CellBender remove‑background takes a different route. It trains a deep generative model that jointly infers which barcodes are real cells and what portion of their counts come from background ambient RNA (and, in some modes, barcode swapping). It often excels on very large 10x datasets, but it expects raw CellRanger HDF5 input and benefits from a GPU. The command‑line interface makes it straightforward to slot into a preprocessing stage before Seurat or Scanpy.

DecontX’s sweet spot is when you trust your clusters or have coarse labels you can supply. By modeling contamination as coming from other observed populations, it tends to preserve rare‑cell markers that might be over‑subtracted by purely global background models, while still shrinking the diffuse halo of high‑abundance markers around dominant cell types. In cross‑platform benchmarks, it reduces spurious cross‑population signal and tightens clusters without flattening meaningful within‑cluster heterogeneity.
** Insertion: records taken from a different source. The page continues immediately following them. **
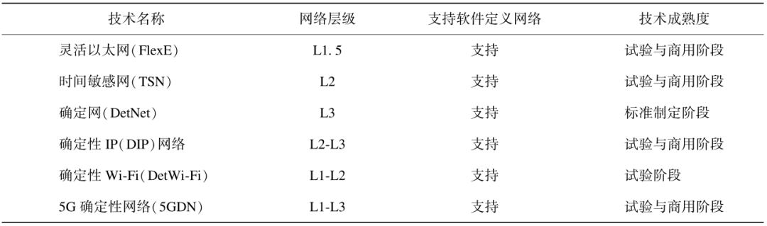 確定性網(wǎng)絡是一種能夠為用戶提供確定性服務質(zhì)量的網(wǎng)絡,具備靈活切換確定性服務和非確定性服務、自主控制提供確定性服務質(zhì)量等級的能力。典型的確定性網(wǎng)絡技術(shù)如表1所示。綜合來看,確定性網(wǎng)絡技術(shù)是實現(xiàn)5G工控系統(tǒng)網(wǎng)絡的主要路徑。5G確定性網(wǎng)絡(5G Deterministic Networking,5GDN)采用高精度時鐘同步、流量整形、資源預留等技術(shù)在5G網(wǎng)絡切片基礎(chǔ)上實現(xiàn)確定性帶寬、確定性時延和99.999 9%的連接可靠性,打造可預期、可規(guī)劃、可驗證,有確定性能力的無線網(wǎng)絡,提供“差異化+確定性”的業(yè)務體驗[5]。5G確定性網(wǎng)絡結(jié)合現(xiàn)場網(wǎng)絡、邊緣計算等技術(shù)可實現(xiàn)端到端確定性控制[6]。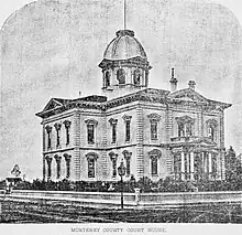 The first Monterey County Court House was built in 1878, designed by Jacob Lenez, Jr., which was a brick Victorian building. The courthouse remained in use until 1937, when it was demolished. Today a courtyard, lily pond, and commemorative sculpture occupy the site.[2][3][4]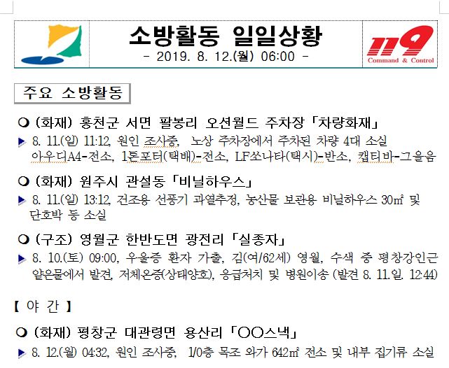 소방활동 일일상황(8. 12. 월) 06:00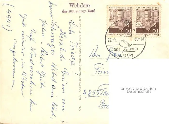 Wehden Kategorie Alte Ansichtskarten Postkarten bx85980 Wehden Kirche Gaststaette Lebensmittelgeschaeft Schule Wehden postalisch gelaufen 1969 Erhaltung siehe scans [FriedD77]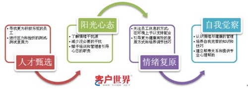 在上述的這三類(lèi)員工中,我們更希望培養(yǎng)的是第一類(lèi),最不想見(jiàn)到的是第三類(lèi)。但天生就具有很強(qiáng)情緒管理能力的員工,是可望不可求的。如果僅僅是依賴(lài)人員的天賦,管理也會(huì)陷入更多的“surprise”中,在幾百上千人的呼叫中心出現(xiàn)不可控的局面。我們需要的,也許是個(gè)系統(tǒng)化的工程,能夠直面呼叫中心員工需要“情緒勞動(dòng)”的特點(diǎn),從另外一個(gè)角度去理解和改善員工的表現(xiàn),梳理各項(xiàng)相關(guān)工作,按照如下的步驟形成員工支持體系: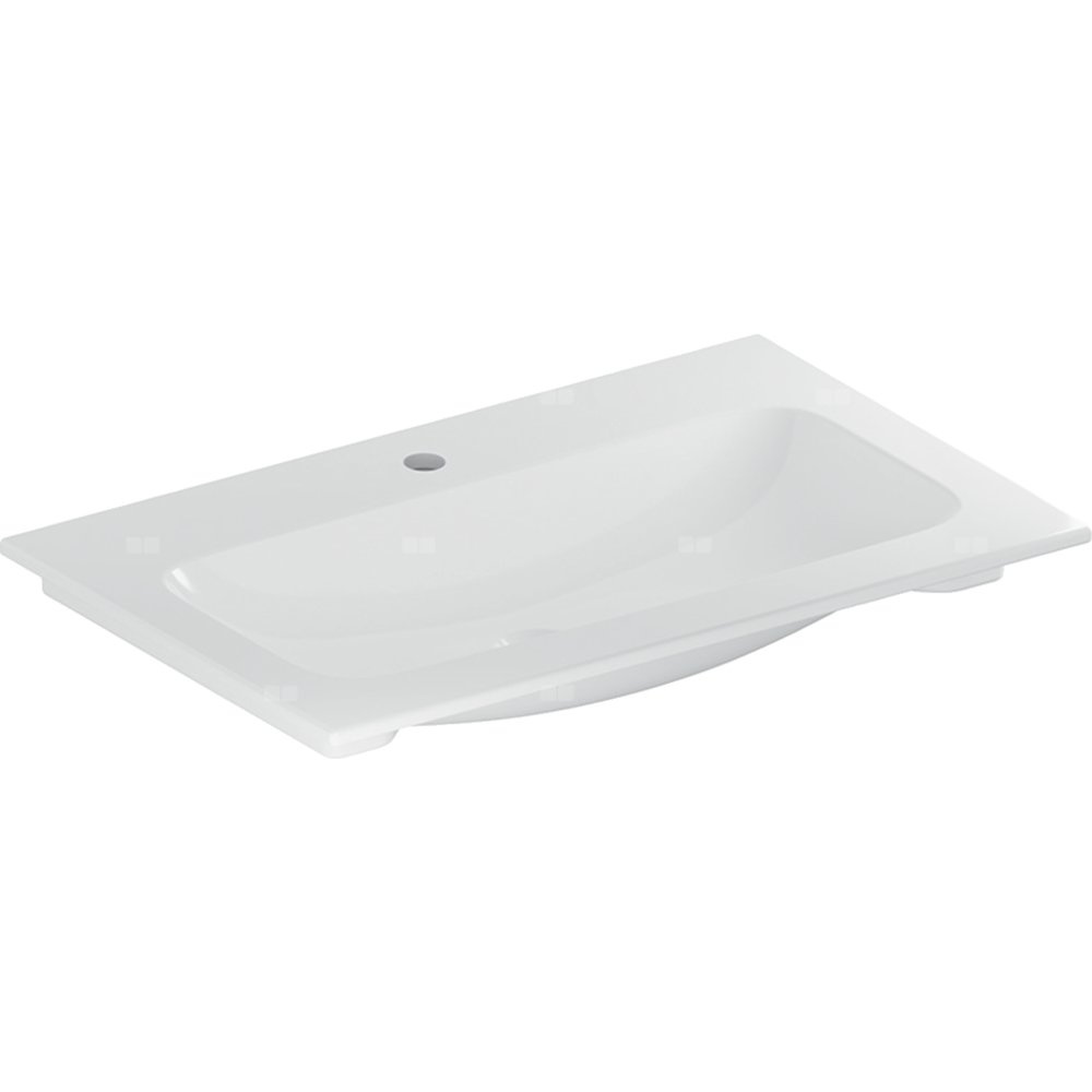 Umywalka GEBERIT iCon prostokątna, biała / KeraTect, 750mm, otwór na baterię na środku, nakładany od góry, bez odpływu przelewowego, półka od ściany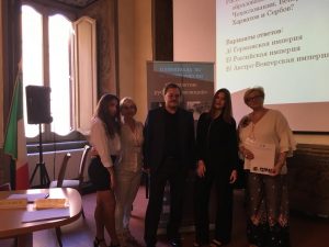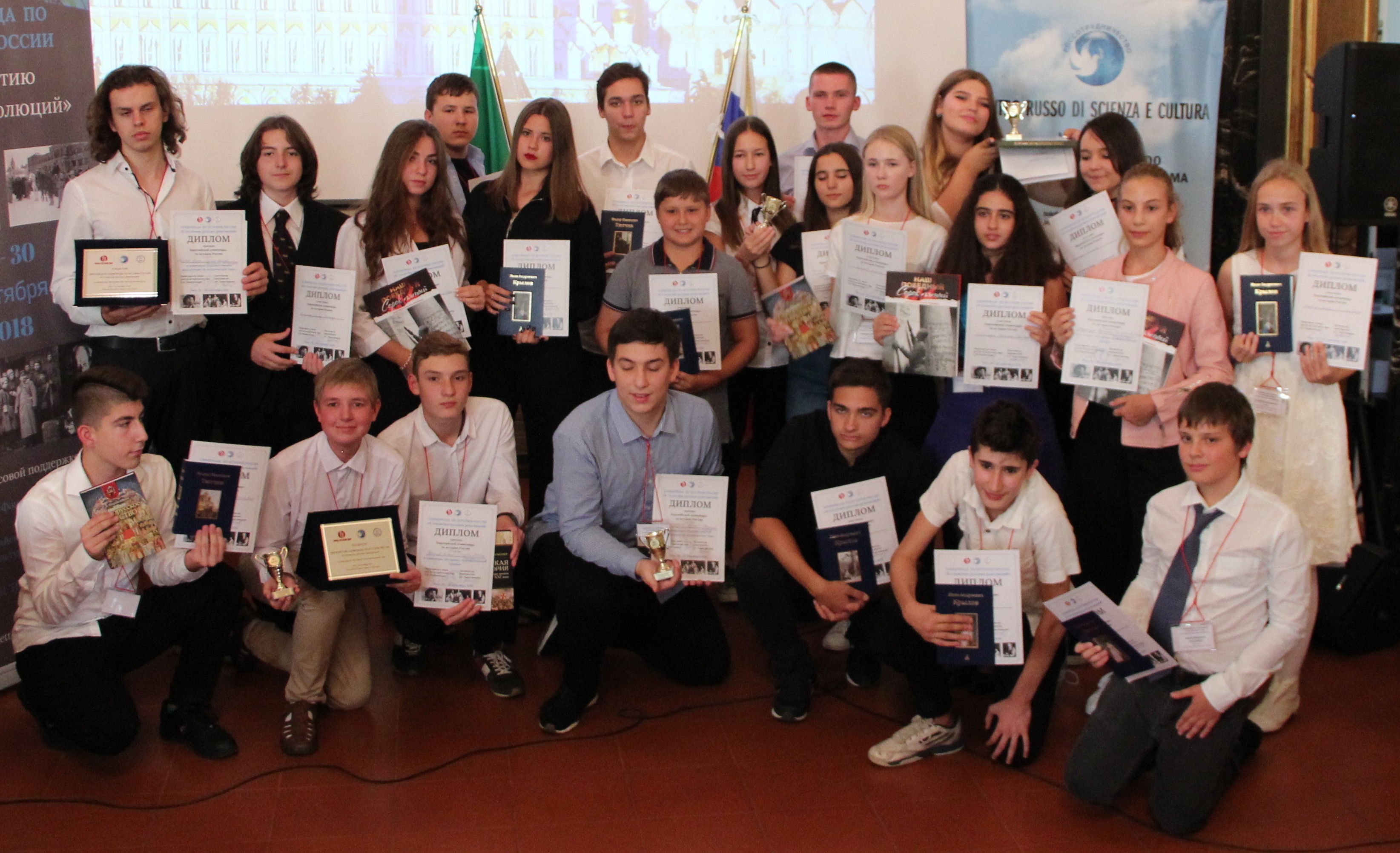 | Учащиеся МОУ гимназии №7, Прозорова Ольга и Дружинина Дарья со своим классным руководителем Смирновой А.А., приняли участие в финале IV Европейской Олимпиады по истории России «Творчество русских писателей в зеркале русской истории: по страницам произведений М.Горького и А.Солженицына» в Риме(Италия),организованной учебно-методическим центром по изучению русского языка и культуры «Николай Гоголь» в Риме при поддержке фонда «Русский мир» и Россотрудничества.

In practice, a robust pipeline often uses these tools in sequence or combination. For example, call cells with EmptyDrops, run DecontX to remove population‑informed ambient signal, and—on especially large or messy datasets—validate with SoupX or CellBender to check that marker restoration and cluster structure behave as expected. The goal isn’t to force methods to agree; it’s to ensure that your biological conclusions no longer hinge on background artifacts.

Summary / Takeaways

Ambient RNA is not a niche annoyance; it’s a pervasive confounder in droplet‑based scRNA‑seq that can erode marker specificity, blur clusters, and mislead biological inferences. DecontX offers a principled, Bayesian fix that respects population structure and produces per‑cell contamination estimates you can trust. SoupX and CellBender provide complementary angles—one leveraging empty droplets for a clean ambient profile, the other learning background with a deep generative model—so you can tailor decontamination to your data and compute budget. As a simple next step, run a small end‑to‑end test: call cells, apply DecontX, and compare cluster separations and marker distributions before and after. If the biology snaps into focus, you’ve likely removed an ambient fog you could see but couldn’t name.